(Beginning of SOURCE INFORMATION)

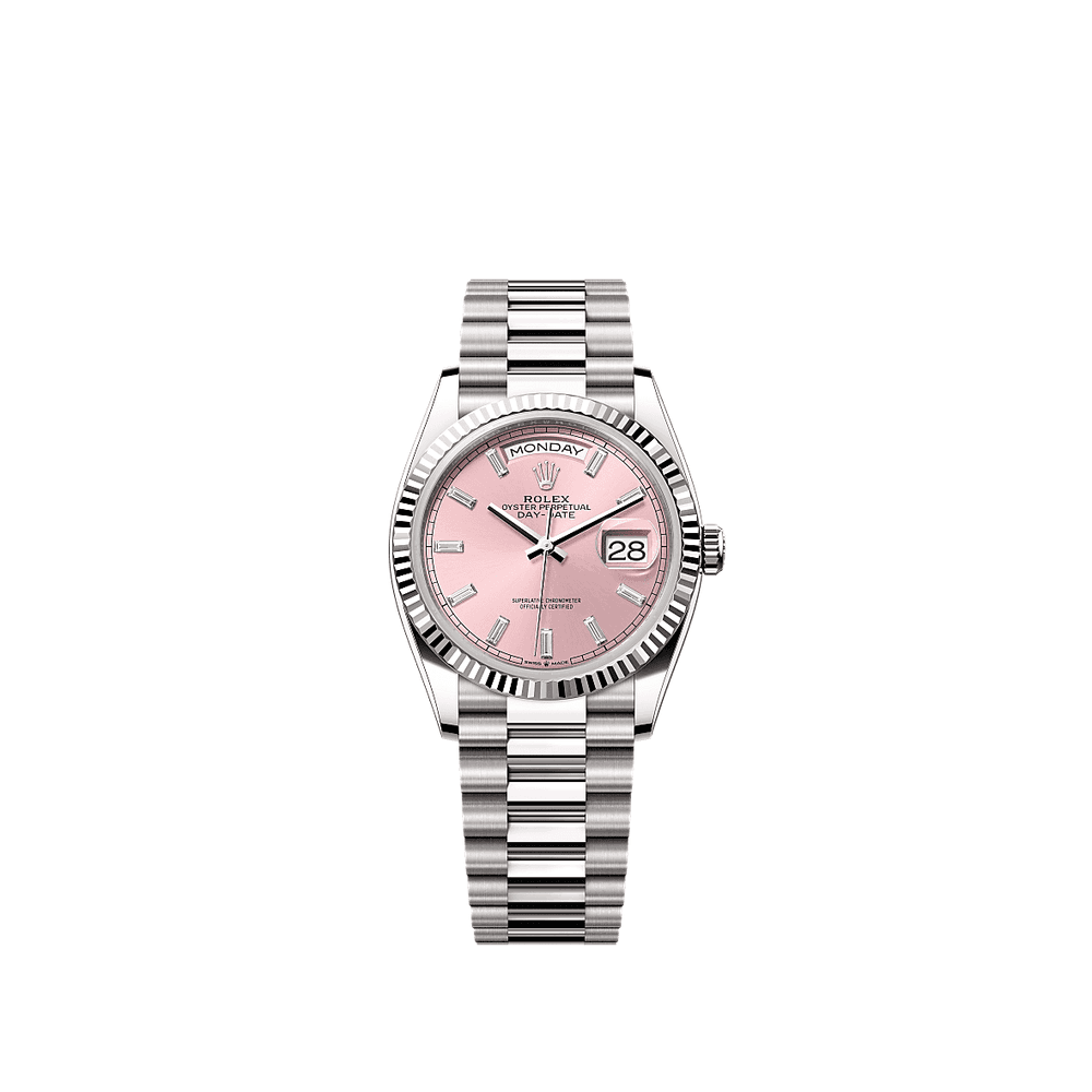 Rolex 128239-0071 - Day-Date 36 White Gold - Fluted / Pink - Baguette / President
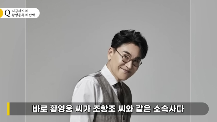 유튜버 이진호는 황영웅의 소속사가 '불타는 트롯맨' 심사위원인 가수 조항조와 같은 '우리엔터'라고 주장했습니다. 황영웅이 다른 가요제와 '불타는 트롯맨'에서 조항조의 곡을 불렀다는 점이 해당 의혹을 뒷받침했습니다.
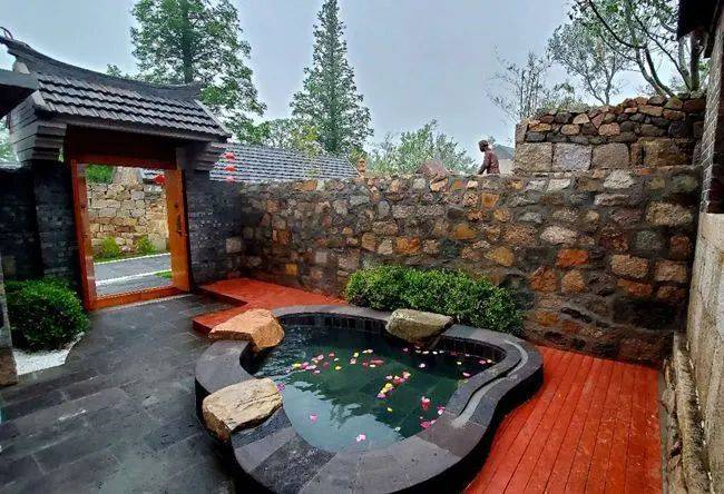 在慈口观泉语山居温泉民宿,百年呼雷汤温泉直接入户。一房一院一特色,每个院子里都有一眼热气腾腾的温泉,奔涌着欢迎着每一位旅人。石头、青砖、灰瓦……青松翠竹间的院落,被改造成温泉民宿。住在这里,既可感受古建筑之美,又可享受现代生活的舒适便利。
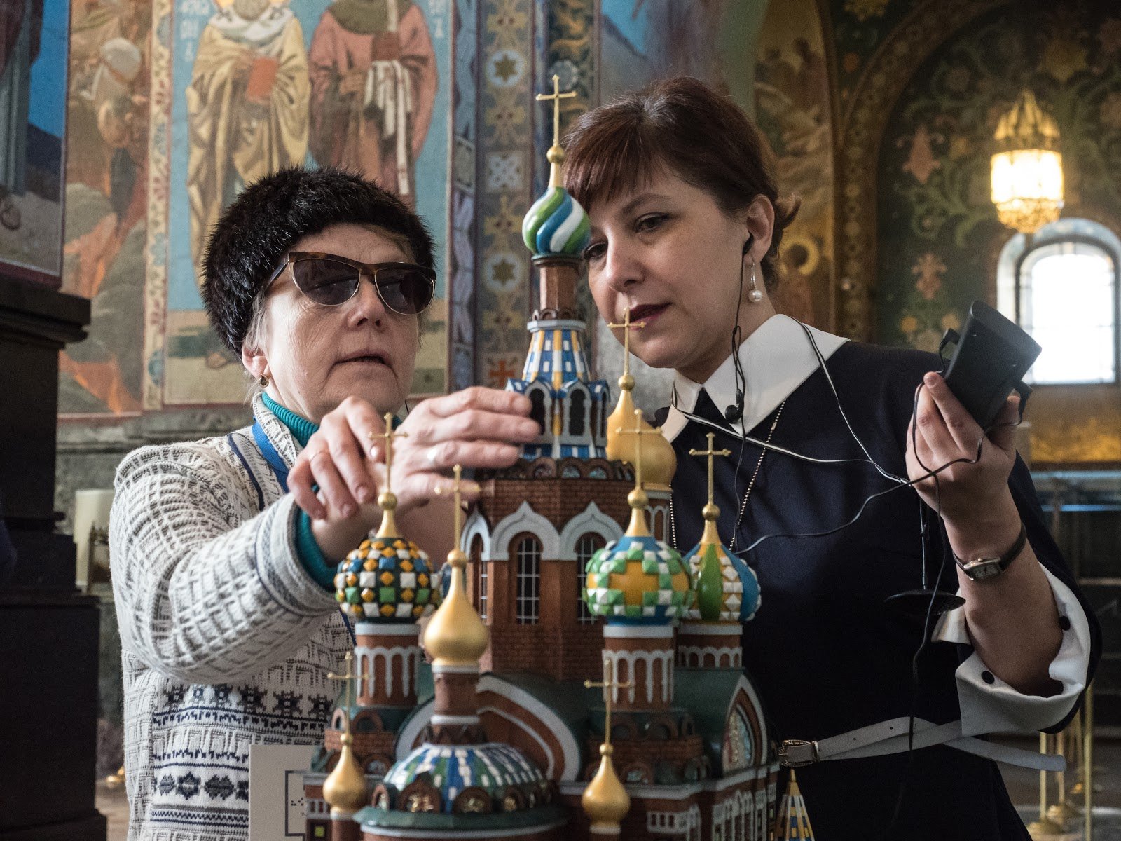 Тифлокомментарий: цветная фотография. Внутри храма, на фоне росписи на стенах стоят две женщины. Перед ними — тактильная модель Храма Спаса на Крови. Макет в точности повторяет все цвета и фрагменты великого произведения русского зодчества. Женщина справа — с вставным наушником и приемником в руке — держит за запястье другую женщину в темных очках. Она пальцами правой руки касается верхушки главного шатра храма, который завершает фонарь, увенчанный луковичной главкой с крестом. Главка покрыта белой, желтой и зеленой краской в виде обвивающих ее цветных полосок.
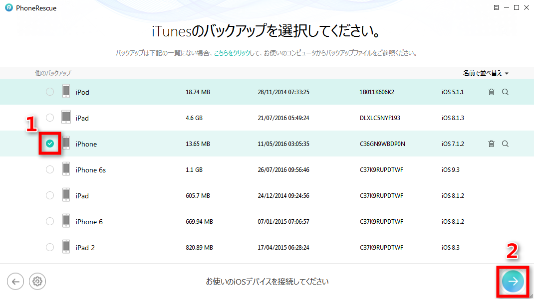 Step 1、PhoneRescue for iOSをインストール&起動 > iPhoneをUSBケーブルでパソコンに接続します。
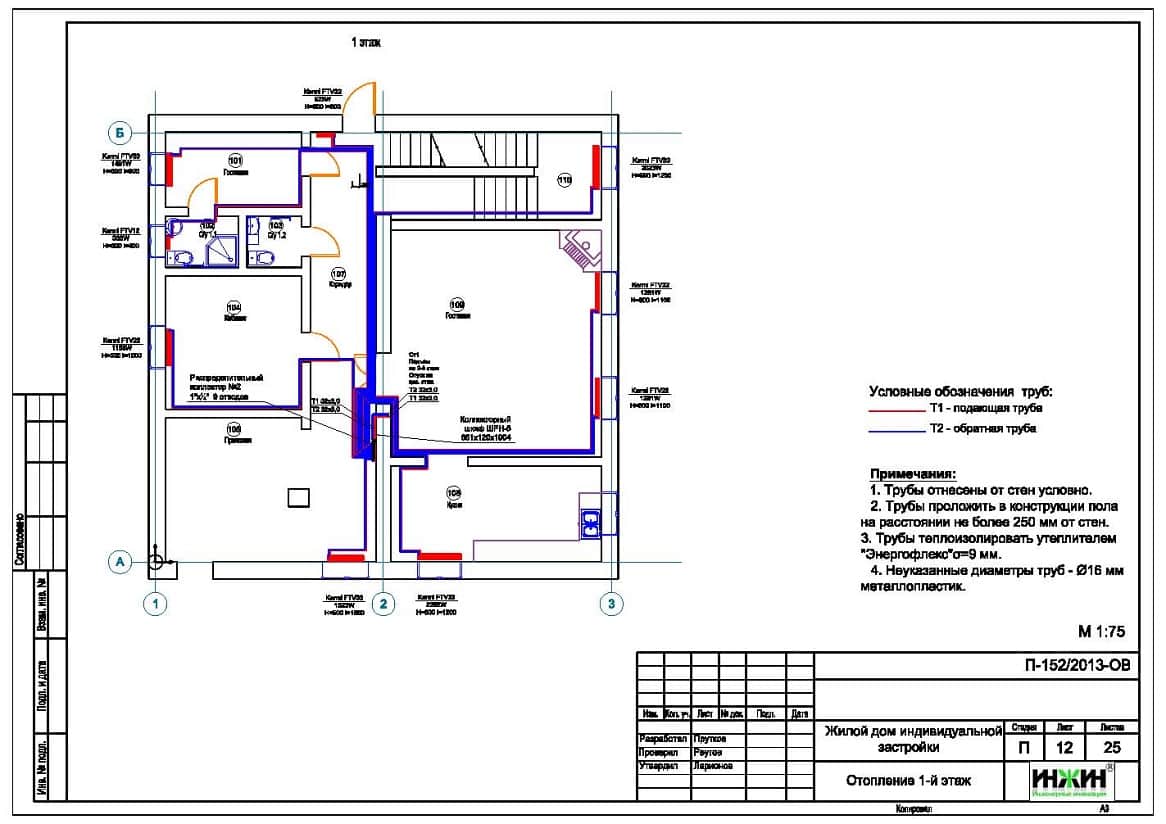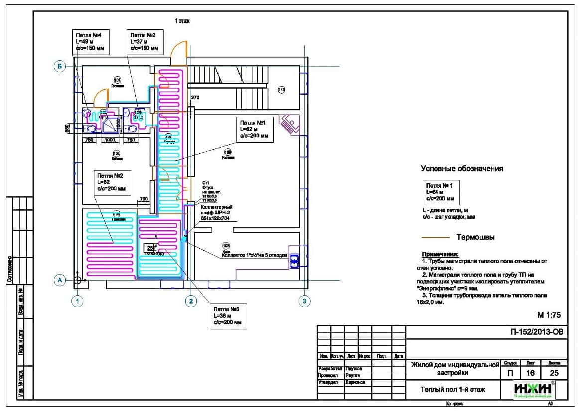 5. Комплект чертежей напольного отопления (теплого пола) жилого дома.
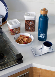 Practical set of 4 clear kitchen jars with nautical design. Made of MS – a virtually unbreakable material – perfect for a boat.

(End of SOURCE INFORMATION)

* **YOUR ASSIGNMENT**
Only the lines from the one containing "在慈口观泉语山居温泉民宿,百" through the end of the listing above should be reproduced, exactly as they stand. Leave the pictures out.

* **SOLUTION BELOW**
 在慈口观泉语山居温泉民宿,百年呼雷汤温泉直接入户。一房一院一特色,每个院子里都有一眼热气腾腾的温泉,奔涌着欢迎着每一位旅人。石头、青砖、灰瓦……青松翠竹间的院落,被改造成温泉民宿。住在这里,既可感受古建筑之美,又可享受现代生活的舒适便利。
 Тифлокомментарий: цветная фотография. Внутри храма, на фоне росписи на стенах стоят две женщины. Перед ними — тактильная модель Храма Спаса на Крови. Макет в точности повторяет все цвета и фрагменты великого произведения русского зодчества. Женщина справа — с вставным наушником и приемником в руке — держит за запястье другую женщину в темных очках. Она пальцами правой руки касается верхушки главного шатра храма, который завершает фонарь, увенчанный луковичной главкой с крестом. Главка покрыта белой, желтой и зеленой краской в виде обвивающих ее цветных полосок.
 Step 1、PhoneRescue for iOSをインストール&起動 > iPhoneをUSBケーブルでパソコンに接続します。
 5. Комплект чертежей напольного отопления (теплого пола) жилого дома.
 Practical set of 4 clear kitchen jars with nautical design. Made of MS – a virtually unbreakable material – perfect for a boat.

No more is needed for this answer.